Telling his tale has left Nick energized. Beads of moisture shine along his hairline. Behind his glasses, his eyes gleam. No longer content to sit, he gets up and starts moving about the room, passing the Monet and open door and back again.
“Right now, at this very moment, hundreds of thousands of people wait for organ transplants,” he says. “Some of them are important people. Very important. Yet they’re told to just get in line and wait their turn. But some people can’t wait. Eight thousand people a year die waiting for a life-saving organ. Think about that, Jules. Eight thousand people. And that’s just in America alone. What I do—what my family has always done—is provide options for those who are too important to wait like everyone else. For a fee, we allow them to skip that line.”
What he doesn’t say is that letting so-called important people move to the front of the line requires an equal number of unimportant people.
Like Dylan.
Like Erica and Megan.
Like me.
All it takes to get us here is one small ad.

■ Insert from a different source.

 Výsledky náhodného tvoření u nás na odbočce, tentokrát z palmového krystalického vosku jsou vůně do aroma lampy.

Apartment sitter needed. Pays well. Call Leslie Evelyn.
After that, we simply disappear.
Creation from our destruction.
Life from our deaths.
That’s the meaning behind the ouroboros.
Not immortality, but a desperate attempt to spend a few more years eluding the Grim Reaper’s inevitable grasp.

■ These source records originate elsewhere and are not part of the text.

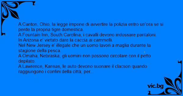A Omaha, Nebraska, gli uomini non possono circolare соn il petto depilato.
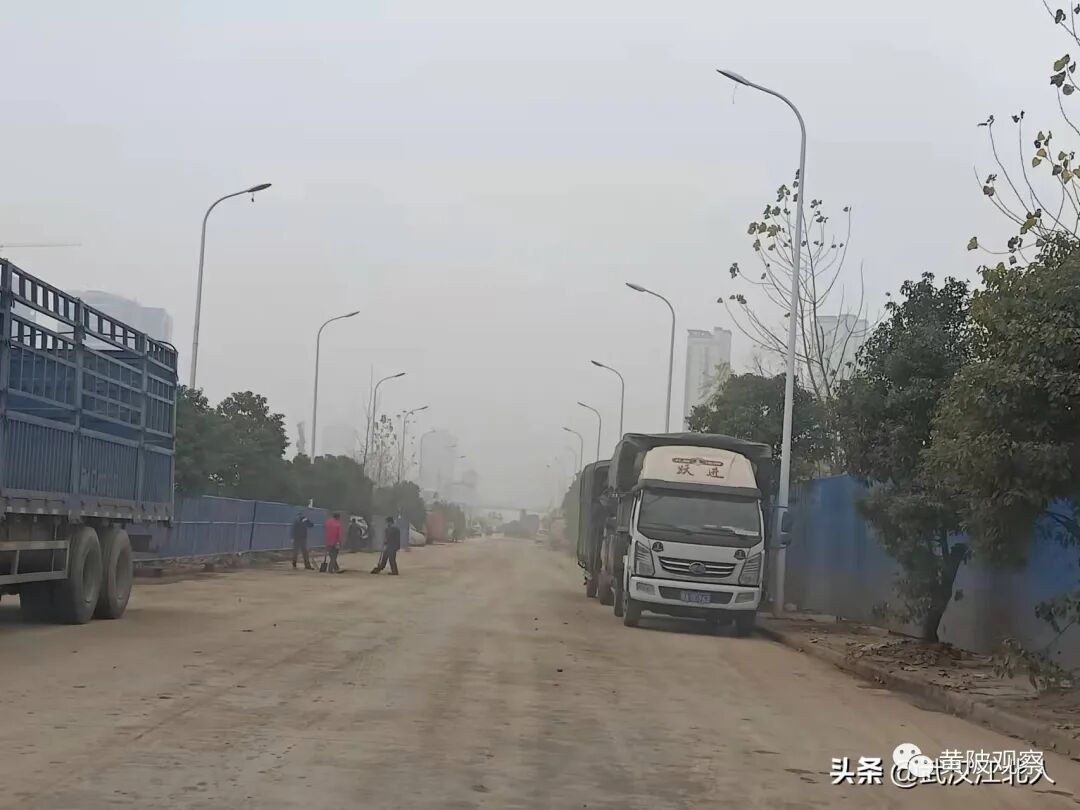 小编从新十公路那个著名的烂尾小区-德大浅水湾门口右转进入无名路,这条马路为双向4车道,水泥路面上满是泥土,显然是渣土车所为,路上虽然有几个工人在清理泥土,但也只是意思意思而已,大块泥巴铲到一边,碎石子和黄土则继续留在路面上,有车辆驶过都会带起灰尘漫天,汉口北真是个“光灰”的地方(C管在哪里)
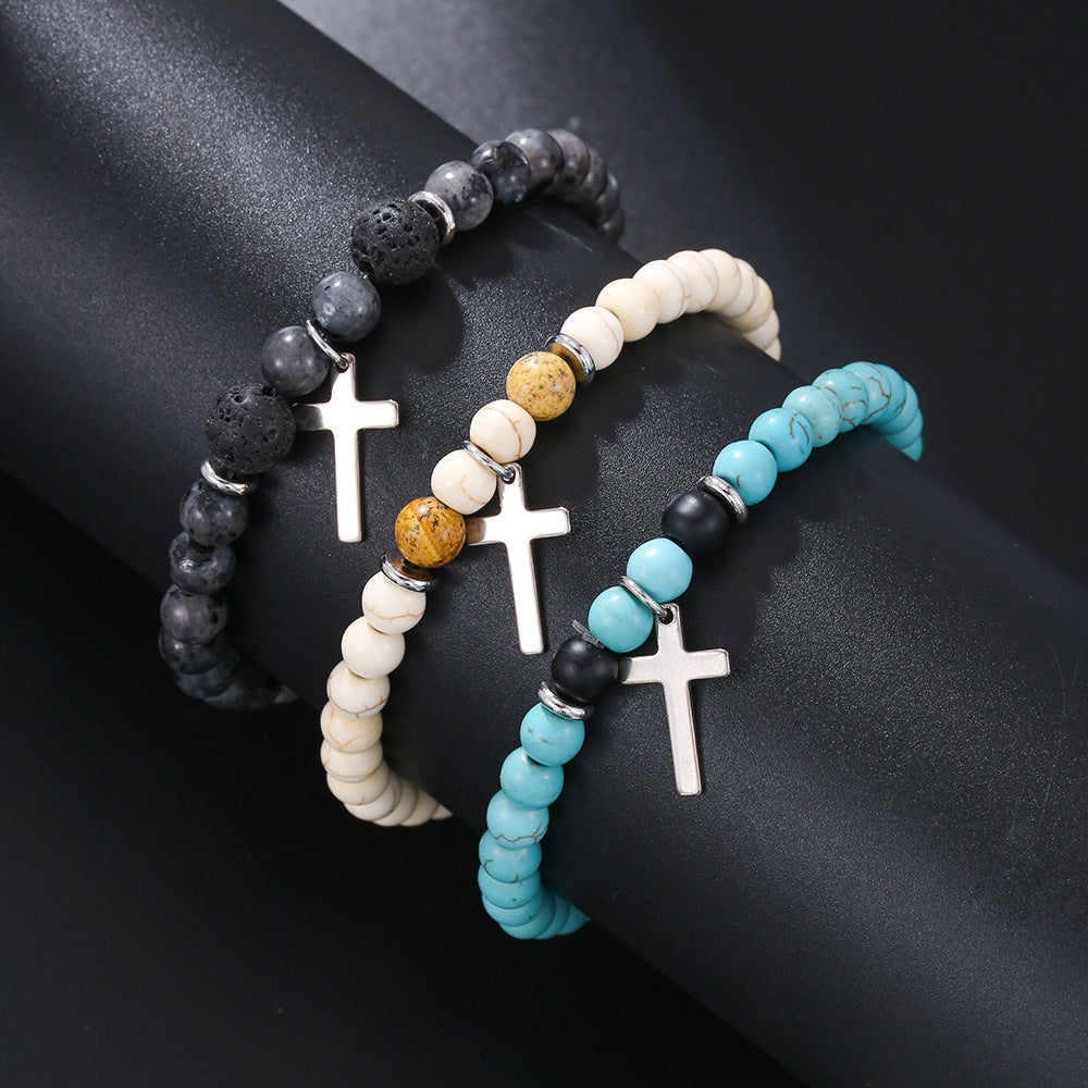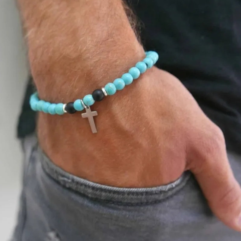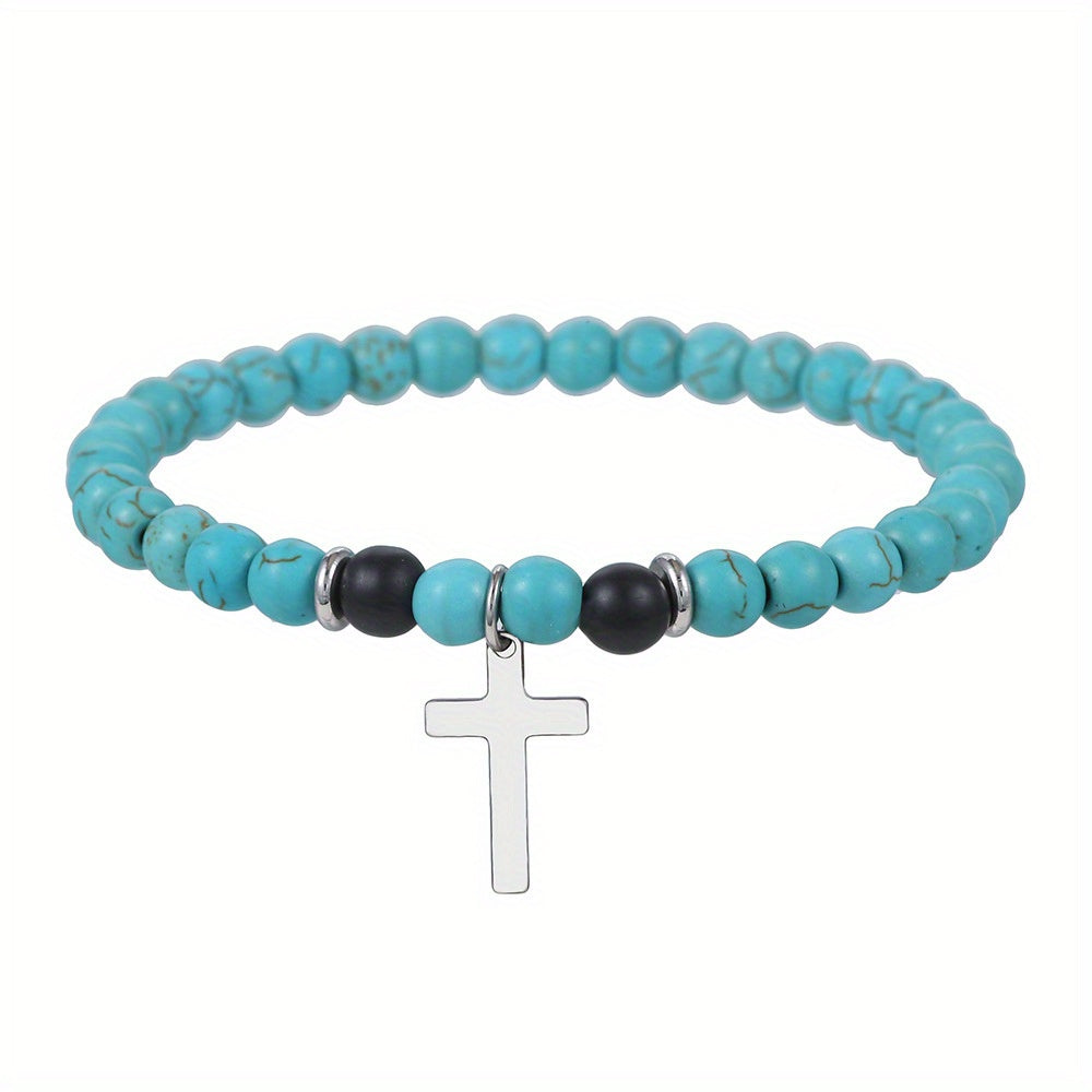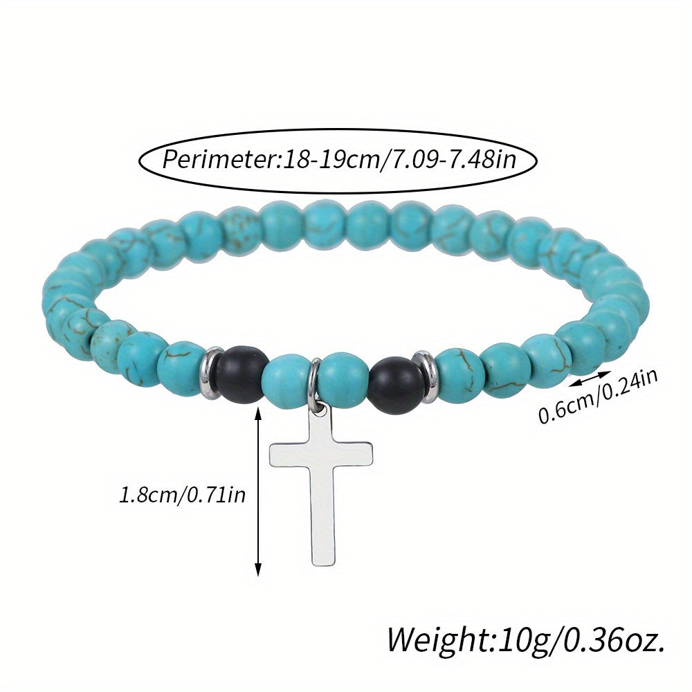 This bohemian style bracelet features synthetic turquoise beads and a cross pendant. It is elastic and suitable for both men and women.

“Cornelia Swanson,” I say. “What was she?”
“A patient,” Nick says. “The first transplant attempt. It went … badly.”
So Ingrid and I had it all wrong. This isn’t about Maria Damyanov or the Golden Chalice or devil worship. There is no coven. It’s just a group of dying rich people desperate to save their lives no matter the cost. And Nick is here to facilitate it
.
I roll onto my side, the pain shrieking through my body. It’s worth it if it means I no longer have to look at him. Still, I can’t resist asking a few more questions. For clarity’s sake.
“What else are you going to take?”
“Your liver.”
Nick says it with shocking indifference. Like he doesn’t even consider me a human being.

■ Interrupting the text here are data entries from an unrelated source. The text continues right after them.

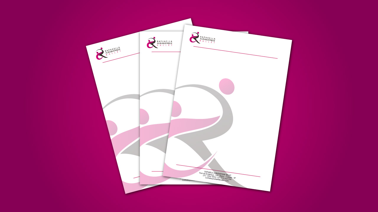 Redesign de logo para a professora de ballet Raphaella Albuquerque, o conceito foi reaproveitado, com o objetivo de otimizar aplicações foi feito uso de curvas arrojadas, aplicando traços modernos, aliados ao uso de cores em degradê e fontes bem definidas e modernas. O objetivo foi alcançado com sucesso.
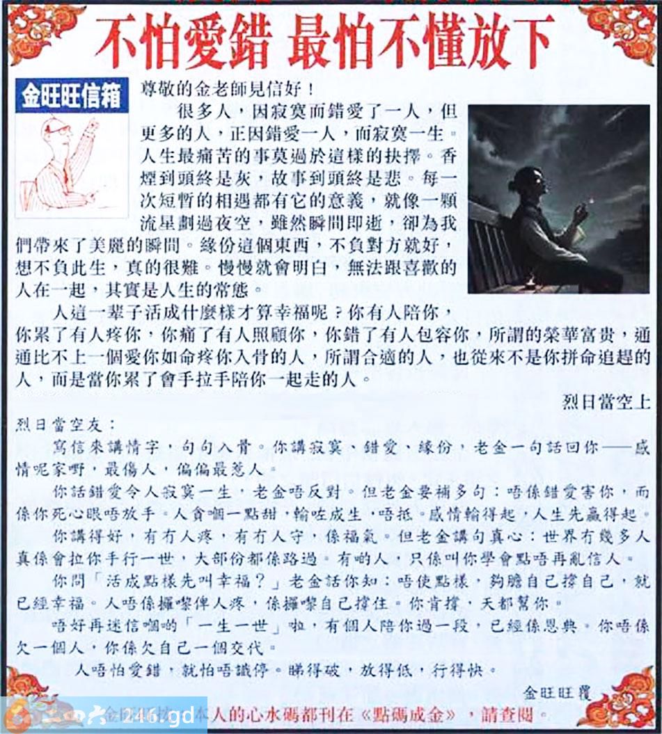 085期:金旺旺信箱彩民推荐→→《不怕愛錯 最怕不懂放下》
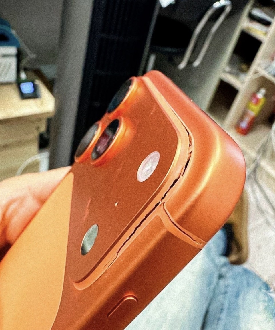 Появились сообщения о возможном конструктивном недостатке нового iPhone. Один из владельцев устройства заявил, что при снятии жесткого чехла корпус телефона треснул по линии антенного шва — в месте соединения модуля камеры с основной частью монолитного корпуса.
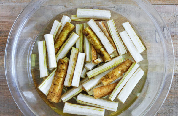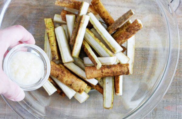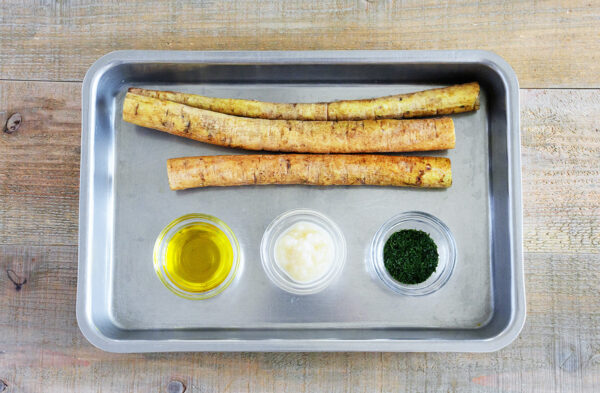 ごぼうの水気をキッチンペーパーで拭き取り、塩糀、オリーブオイルの順に絡める。
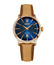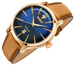Ten zegarek to prawdziwe połączenie miedzianych tonów z głębokim granatem, które definiuje nowoczesną elegancję. Miedziana koperta oraz wysokiej jakości brązowy skózany pasek nadają mu luksusowego i ciepłego charakteru, wyróżniając się na tle innych modelów. Metaliczna, niebieska tarcza wprowadza do zegarka nutę dynamiki i tajemniczość, a wyjątkowe wykończenie sprawia, że zegarek prezentuje się doskonale zarówno w blasku słońca, jak i przy sztucznym świetle. Odbijając światło, tarcza staje się prawdziwie hipnotyzująca.
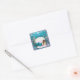 Adesivos de chuvadebebê sereia com sereia morena adorável usando uma tiara e pérolas em um lindo fundo azul-teal e roxo sob o mar. Você pode adicionar texto para personalizar estes adoráveis adesivos de chuvadebebê sereia.
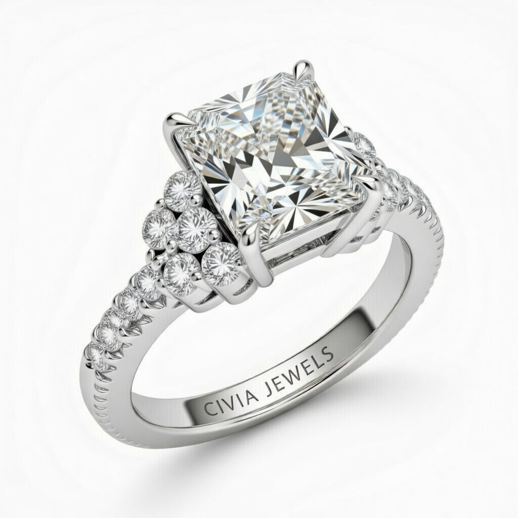 Silver Radiant Cut Engagement Ring With Diamond Cluster Side Accents And Pavé Band Silver Radiant Cut Engagement Ring With Diamond Cluster Side Accents And Pavé Band
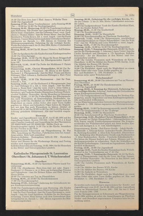 Samstag, 07.05., Keine Vorabendmesse - siehe Sonntag 09.00 Uhr — 16.00 bis 16.30 Uhr Beichtgelegenheit Sonntag, 08.05., Muttertag, 09.00 Uhr Familiengottesdienst zum Muttertag. Alle Kinder und Jugendlichen sind mit ihren Eltern herzl. eingeladen. Amt für Fabienne Fasel, verst. Großeltern u. Thomas Höher / Amt für Benno Marx / Amt für Ehel. Bernhard u. Frieda Keul u. leb. u. verst. Angeh. / Amt für Paula Normann, Unsere Minis bieten nach dem Gottesdienst Muttertagskarten an. Spende 1,- DM Aktion zu Gunsten des Müttergenesungswerks. Gebetstag für die verfolgte Kirche. Woche des Lebens vom 8. bis 15. Mai 1994, Motto: »Unbehindert miteinander leben«.

I wonder what he was thinking that night in his bedroom, when I let him kiss me, undress me, fuck me. Even in that moment, was he appraising me, taking stock of what my body offered, wondering how much money I would make him?
“Who’s going to get it?”
“Marianne Duncan,” he says. “She’s in need of one. Badly.”
“What else?”
“Your heart.” Nick pauses then. The only concession to my feelings. “That’s going to Charlie’s daughter. He’s earned it.”
I figured there had to be a reason people like Charlie willingly worked at the Bartholomew. Now I know. It’s a classic quid pro quo, exploited by the upper classes for ages. For doing their dirty work, the little folks will get something in return.
“And Leslie? Dr. Wagner?”
“Our Mrs. Evelyn is a believer in the Bartholomew’s mission,” Nick says. “Her late husband benefitted from a heart transplant during my father’s tenure. When he died—years later than was expected, I might add—she offered to keep things running smoothly. And, of course, to be first in line if she should ever need my services. As for Dr. Wagner, he’s simply a surgeon. A damn good one who lost his license more than twenty years ago after showing up for surgery drunk. My father, in need of assistance due to growing demand, made him an offer he couldn’t refuse.”
“I pity you,” I tell Nick. “I pity you, and I hate you, although not as much as you hate yourself. Because you do. I’m sure of it. You’d have to in order to do what you’re doing.”
Nick stands and pats my leg. “Nice try. But guilt trips don’t work on me. Now take your pills.”
He grabs the paper cup and holds it out to me. I have just enough strength to knock it out of his hand. The cup drops to the floor, the pills bouncing into the corners.